Northern Ireland’s electricity grid is making investment in new renewable energy projects unviable, attendees at the recent RenewablesNI Smart Energy conference in Belfast were told.
Simon Steen Møller, Head of International Affairs at ERG SpA, said developers need three things to invest in a region: planning permission, viable economics, and grid access. Planning and economics are challenges but manageable, he said. The grid, however, is the real blocker.
Investment
ERG is an Italy-based renewable energy operator present in nine European countries. The company transitioned from oil refining into renewable energy and has been the largest investor in renewables in NI over the past seven years, accounting for around 70% of new wind capacity built during that period.

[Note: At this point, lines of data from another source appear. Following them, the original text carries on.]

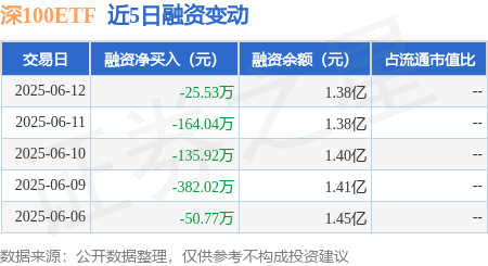 深100ETF:6月12日融资买入245.08万元,融资融券余额1.42亿元
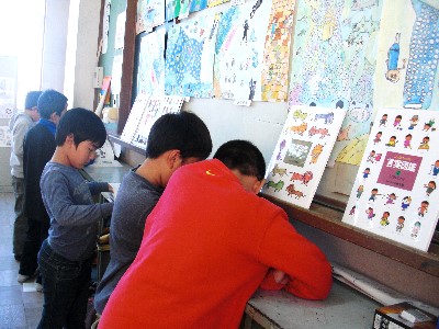 工夫いっぱいの説明文を書くために,本を開いて探す子どもたち。学
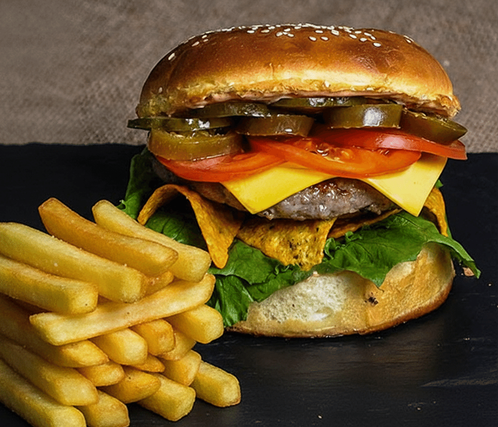 Сочная котлета из говядины, маринованные огурчики, свежий томат, пекинская капуста, ломтик сыра Чеддер, фирменный острый соус перчик халапеньо, кукурузные чипсы, фирменная булочка. Картофель фри в подарок.
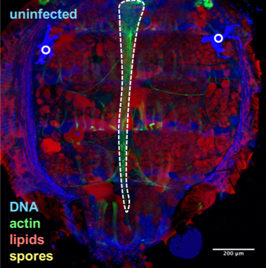 My Ph.D advisor, Prof. Dominique Ferrandon, started collaborating with the team of Prof. Frédéric Delbac (Clermont-Auvergne University, France) that is working on the infection of honeybees by Nosema ceranae and the impact of exposure to sublethal levels of pesticides (3). As the biology of theses parasites remains poorly known for lack of genetically-amenable models of infection, excepted for the nematode Caenorhabditis elegans, we decided to use the model organism Drosophila melanogaster and its cognate microsporidium Tubulinosema ratisbonensis to apprehend microsporidiosis.

Steen Møller said constraint levels of around 30% mean roughly one in three turbines can be standing idle due to grid limitations. This effectively creates stranded assets and undermines project economics.

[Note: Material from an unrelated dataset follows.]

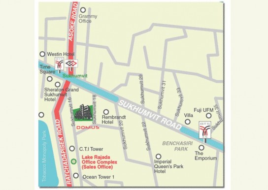 สุขุมวิท ซอย 16 และ ซอย 18 ถนนสุขุมวิท กรุงเทพฯ ห่างจากสถานีรถไฟฟ้า BTS อโศก และสถานีรถไฟฟ้าใต้ดิน MRT สุขุมวิท ประมาณ 350 เมตร
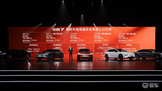 从定价来看,铂智7限时补贴权益后14.78万起、20万内封顶,大幅低于同级别纯电旗舰车型的定价,让更多消费者能够轻松触及豪华纯电体验;从配置来看,该车将大型轿车尺寸、华为鸿蒙智舱、双腔空悬、激光雷达智驾等顶级配置全面下放,实现“入门即豪华、满配不溢价”;从品质来看,丰田百年造车经验背书,加上严苛的安全验证和“厂家三担责”政策,为用户提供全方位的品质保障;从服务来看,服务2.0时代的全面升级,让用户从购车到用车的全流程都能享受贴心服务。

He told the conference that this is the reason ERG’s CEO has instructed the company not to invest in further projects in NI until grid constraints are addressed. He also suggested that this may explain why other international developers are not currently investing in the region.
Interconnector
Steen Møller said that NI has significant renewable resources, explaining that one of ERG’s latest projects has a capacity factor of around 40%, which is extremely high by European standards. He suggested that NI could become “the Spain of wind power” because of its wind resource.

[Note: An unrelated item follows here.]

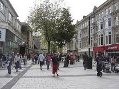 Enter Queens Street, which is the main pedestrianised shopping street, noting the high street shops, shopping centres and various arcades.

But without investment in the grid, this may be lost, and he described the North–South Interconnector as essential for reducing constraints across the island.
However, he warned that the sequencing of grid projects is important. If additional interconnector capacity is built before the North–South Interconnector is completed, constraint levels could actually increase rather than decrease.
This could lead to a situation where renewable generators are constrained for long periods while consumers still pay the cost. He argued that failing to make decisions on grid infrastructure is a decision in itself.